Each line in the material below, starting at the one that contains "New Aluminium profiles (3XXX-5XXX)" and ending at the one that contains "Figure 3 Summary of hypotheses in this study.", should be repeated exactly; the pictures should not.

START RECORDS FOR THIS TASK

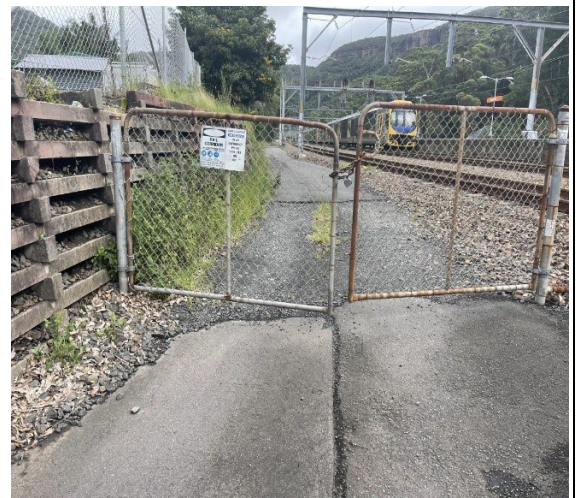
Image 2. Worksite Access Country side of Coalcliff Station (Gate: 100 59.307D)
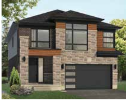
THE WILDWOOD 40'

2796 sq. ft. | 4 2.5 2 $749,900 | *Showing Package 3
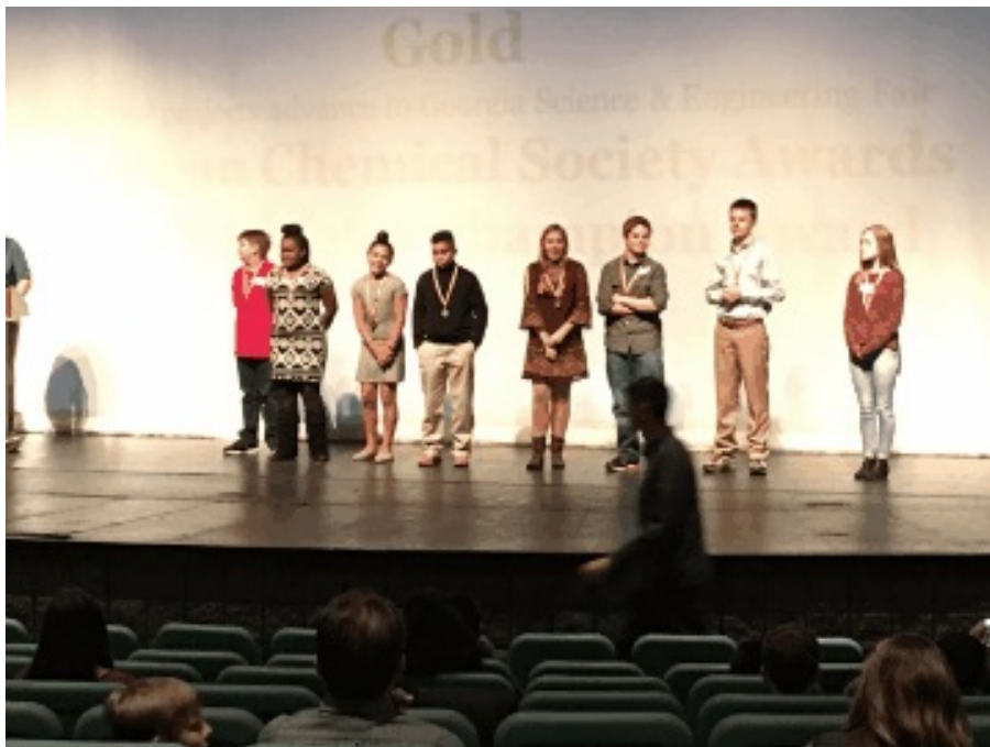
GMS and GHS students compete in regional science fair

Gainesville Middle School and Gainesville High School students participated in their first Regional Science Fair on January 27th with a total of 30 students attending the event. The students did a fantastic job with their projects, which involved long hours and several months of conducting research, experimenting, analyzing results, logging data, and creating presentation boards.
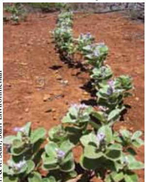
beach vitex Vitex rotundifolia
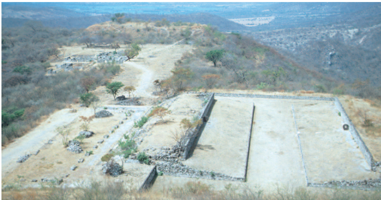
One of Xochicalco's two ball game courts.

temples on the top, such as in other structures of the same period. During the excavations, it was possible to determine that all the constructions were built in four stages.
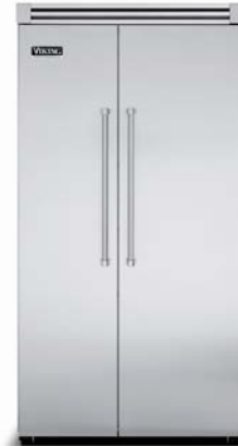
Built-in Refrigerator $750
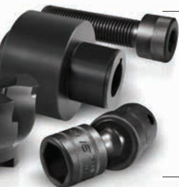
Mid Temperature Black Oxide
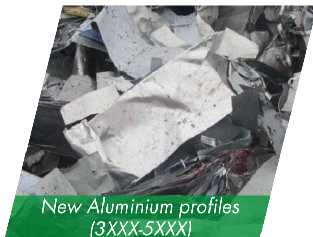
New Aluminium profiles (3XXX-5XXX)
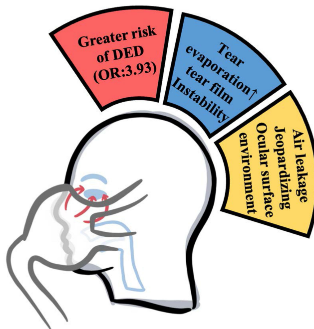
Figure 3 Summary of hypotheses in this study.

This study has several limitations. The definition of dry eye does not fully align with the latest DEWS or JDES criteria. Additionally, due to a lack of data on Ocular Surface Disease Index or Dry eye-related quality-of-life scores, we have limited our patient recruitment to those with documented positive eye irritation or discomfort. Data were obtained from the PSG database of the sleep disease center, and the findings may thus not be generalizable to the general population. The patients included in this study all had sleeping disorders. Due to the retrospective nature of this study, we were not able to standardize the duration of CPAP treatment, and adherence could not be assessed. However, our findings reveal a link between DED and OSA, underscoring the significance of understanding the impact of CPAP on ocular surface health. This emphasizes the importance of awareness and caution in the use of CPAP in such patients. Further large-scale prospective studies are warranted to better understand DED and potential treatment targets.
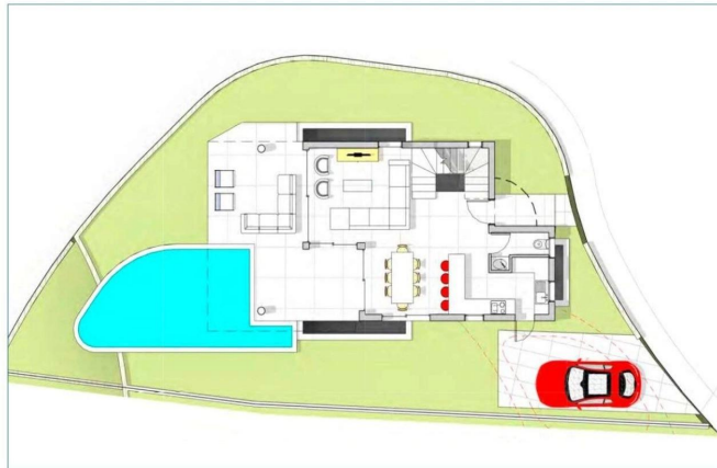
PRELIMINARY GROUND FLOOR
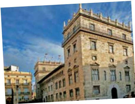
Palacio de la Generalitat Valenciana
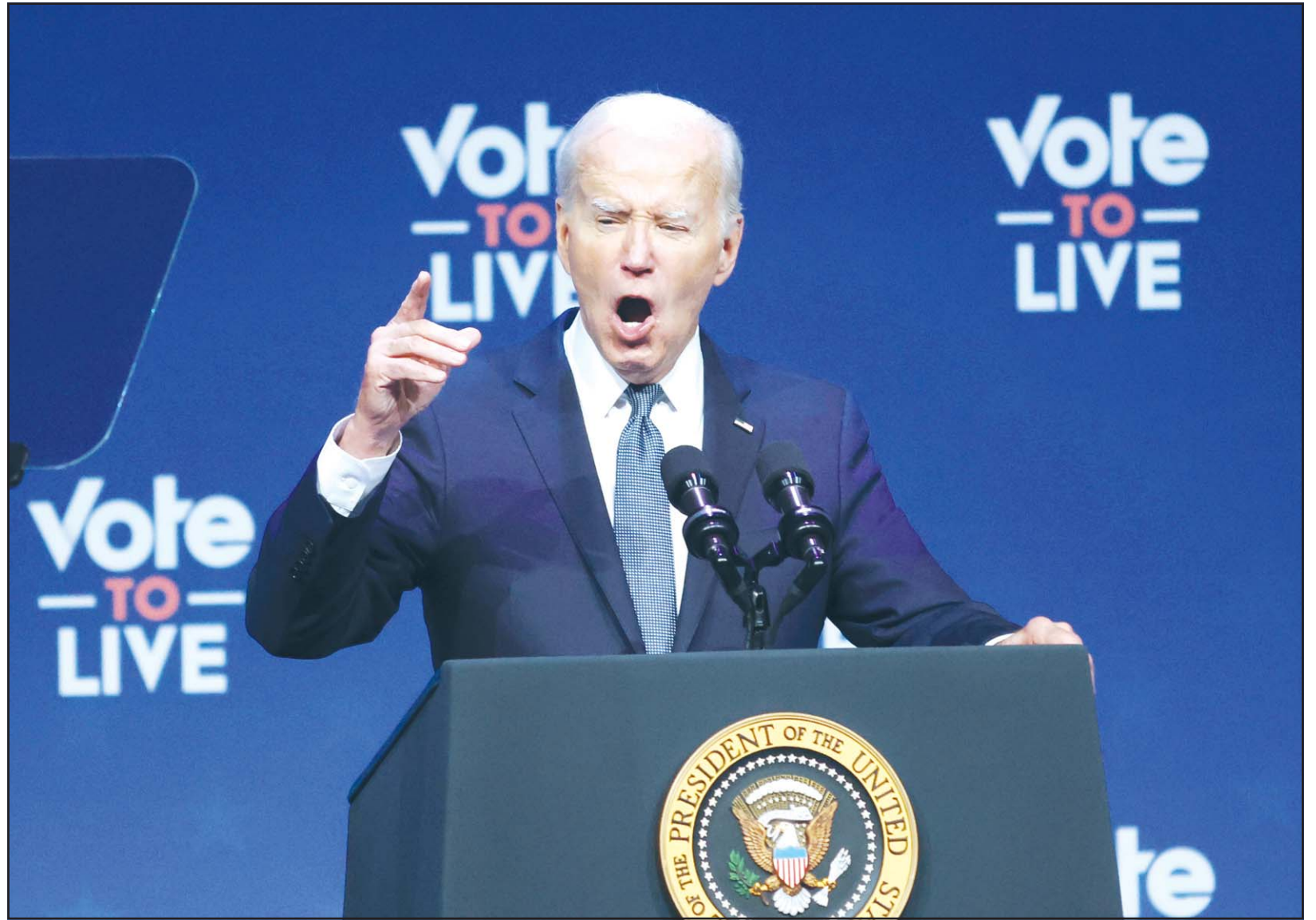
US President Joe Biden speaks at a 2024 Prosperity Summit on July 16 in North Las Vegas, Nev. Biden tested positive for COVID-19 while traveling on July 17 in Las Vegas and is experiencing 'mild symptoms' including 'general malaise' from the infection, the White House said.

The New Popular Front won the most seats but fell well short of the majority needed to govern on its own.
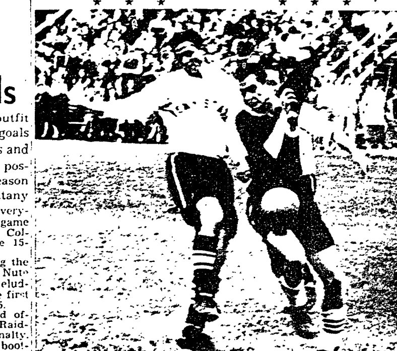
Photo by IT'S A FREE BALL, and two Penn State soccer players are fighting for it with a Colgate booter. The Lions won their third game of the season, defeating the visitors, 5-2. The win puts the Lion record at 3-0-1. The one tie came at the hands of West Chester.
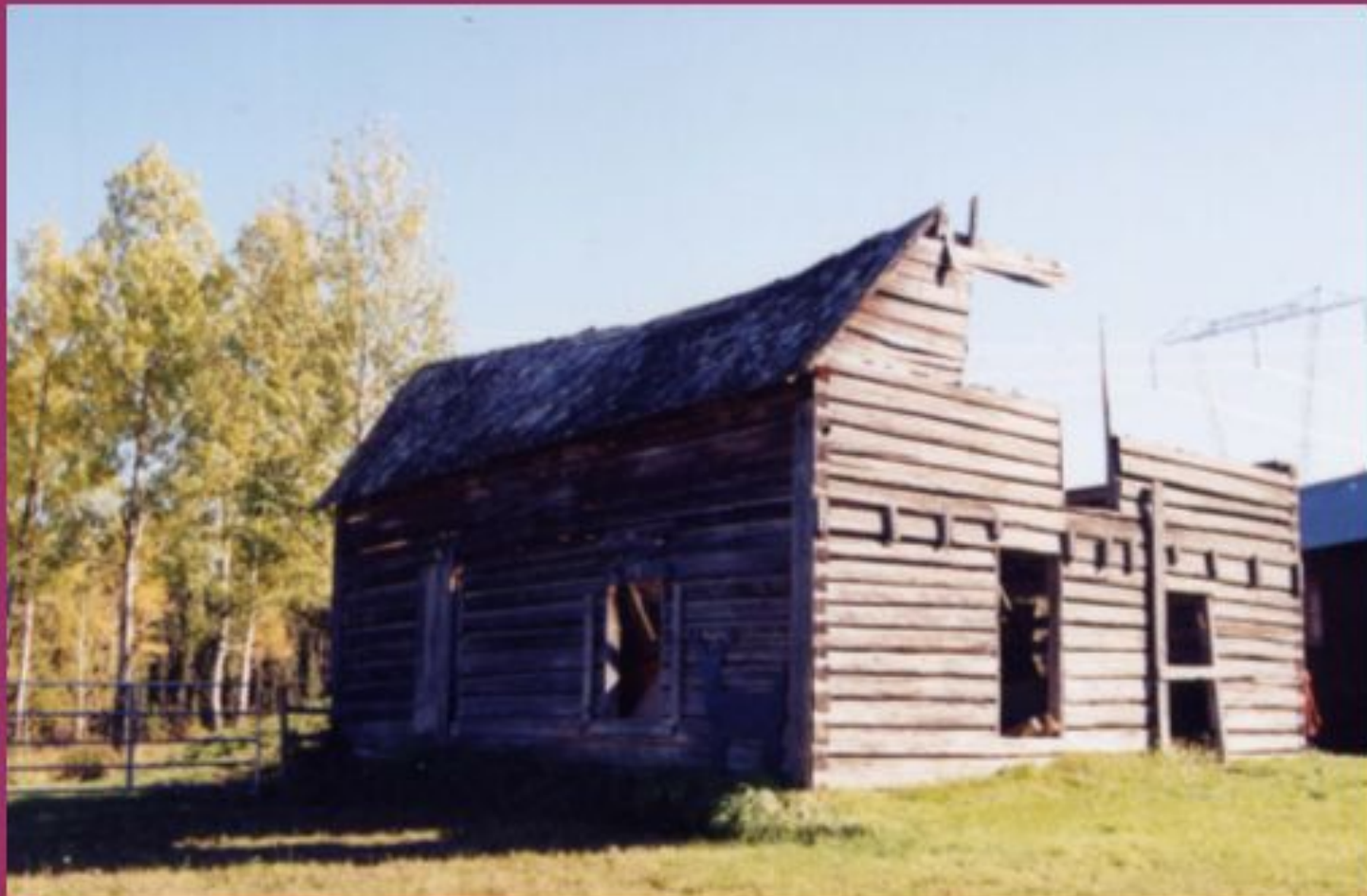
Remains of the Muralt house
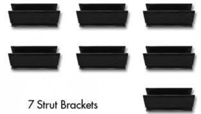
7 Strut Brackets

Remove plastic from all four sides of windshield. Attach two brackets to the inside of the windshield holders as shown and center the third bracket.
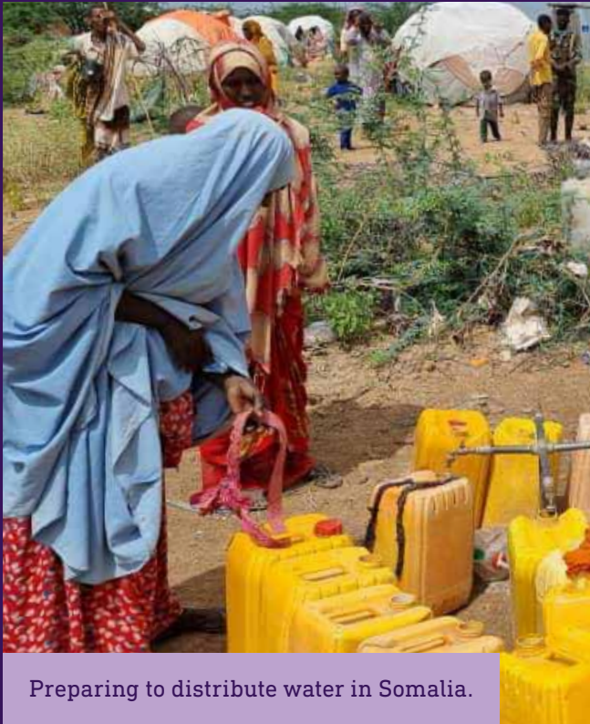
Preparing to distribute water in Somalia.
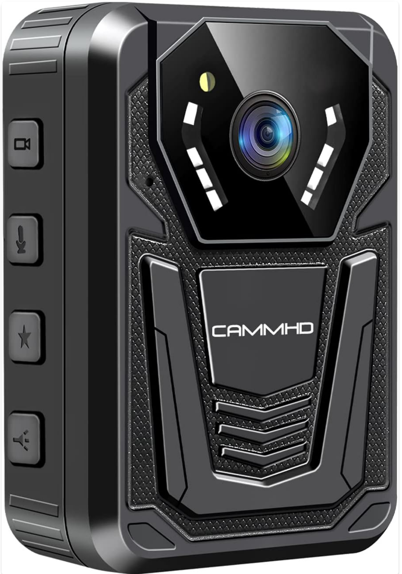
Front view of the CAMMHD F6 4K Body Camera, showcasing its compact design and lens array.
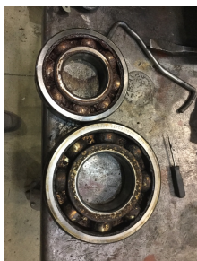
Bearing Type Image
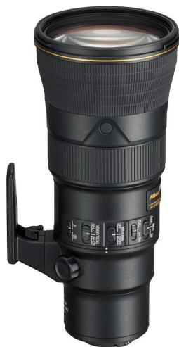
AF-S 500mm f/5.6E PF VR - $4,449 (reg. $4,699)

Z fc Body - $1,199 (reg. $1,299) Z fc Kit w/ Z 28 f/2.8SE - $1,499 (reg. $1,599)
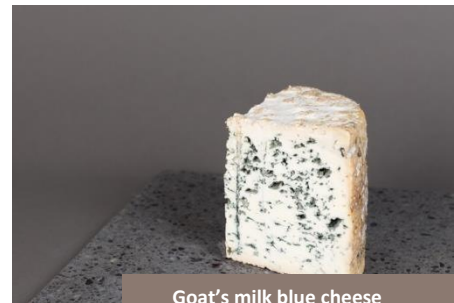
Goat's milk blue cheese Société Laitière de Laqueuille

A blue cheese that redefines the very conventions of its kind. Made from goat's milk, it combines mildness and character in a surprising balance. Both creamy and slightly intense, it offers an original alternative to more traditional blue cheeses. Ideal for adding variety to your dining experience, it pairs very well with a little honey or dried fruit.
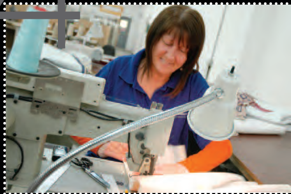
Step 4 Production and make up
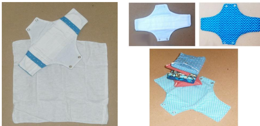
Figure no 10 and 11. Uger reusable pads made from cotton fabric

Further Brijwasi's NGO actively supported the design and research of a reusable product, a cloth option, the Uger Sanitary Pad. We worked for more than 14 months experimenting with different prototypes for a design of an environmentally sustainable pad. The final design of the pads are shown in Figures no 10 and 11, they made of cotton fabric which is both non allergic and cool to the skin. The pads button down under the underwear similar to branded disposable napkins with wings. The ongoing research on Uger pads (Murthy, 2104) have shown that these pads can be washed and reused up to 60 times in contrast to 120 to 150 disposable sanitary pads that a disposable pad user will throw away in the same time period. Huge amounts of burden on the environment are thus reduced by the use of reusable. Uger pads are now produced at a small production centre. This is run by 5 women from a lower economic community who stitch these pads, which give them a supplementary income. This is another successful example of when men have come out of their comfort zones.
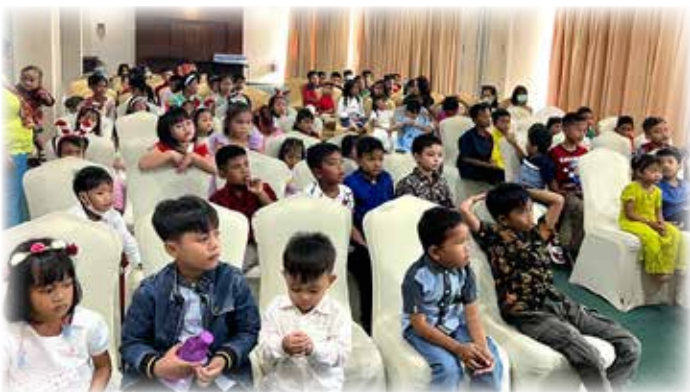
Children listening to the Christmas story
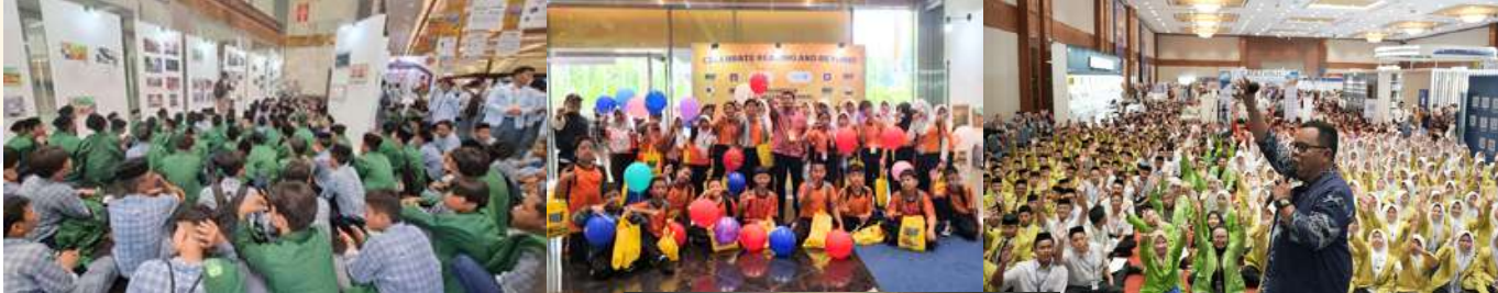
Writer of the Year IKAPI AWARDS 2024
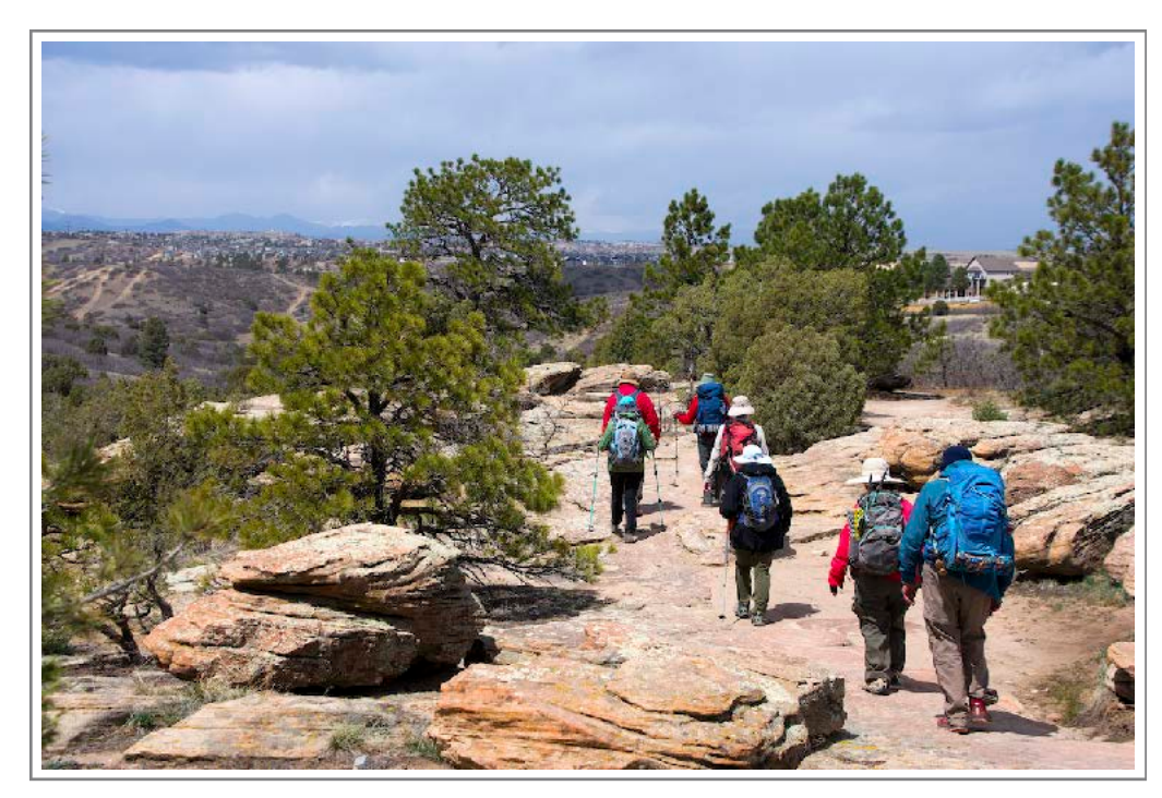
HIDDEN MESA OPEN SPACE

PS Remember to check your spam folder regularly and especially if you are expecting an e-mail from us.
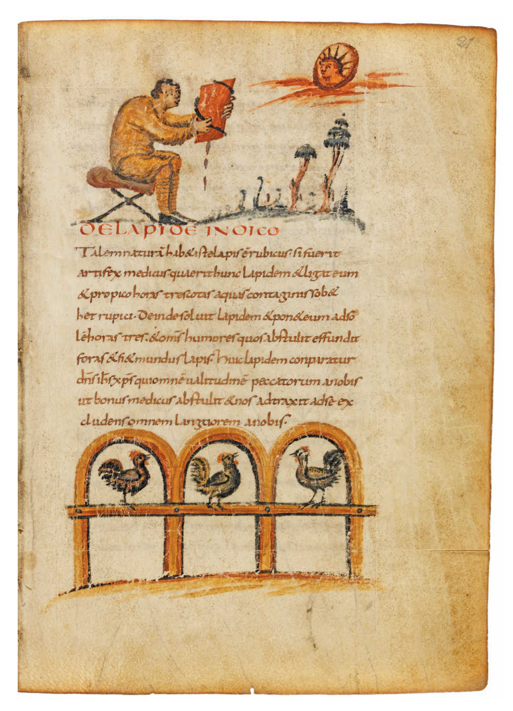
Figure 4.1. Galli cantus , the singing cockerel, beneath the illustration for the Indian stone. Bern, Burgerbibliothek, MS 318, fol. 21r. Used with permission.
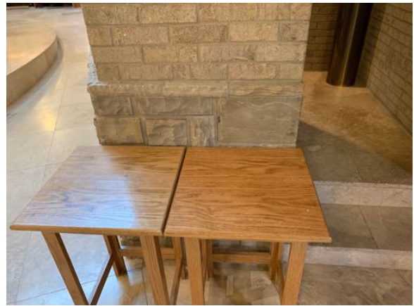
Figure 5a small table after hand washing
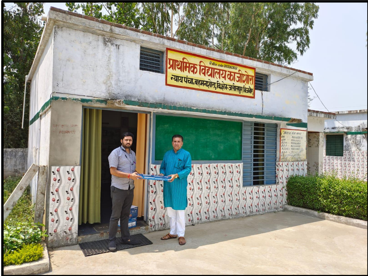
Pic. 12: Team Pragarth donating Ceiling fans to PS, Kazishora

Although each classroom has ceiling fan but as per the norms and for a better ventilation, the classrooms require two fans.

END RECORDS FOR THIS TASK

**EXERCISE SOLUTION:**
New Aluminium profiles (3XXX-5XXX)
Figure 3 Summary of hypotheses in this study.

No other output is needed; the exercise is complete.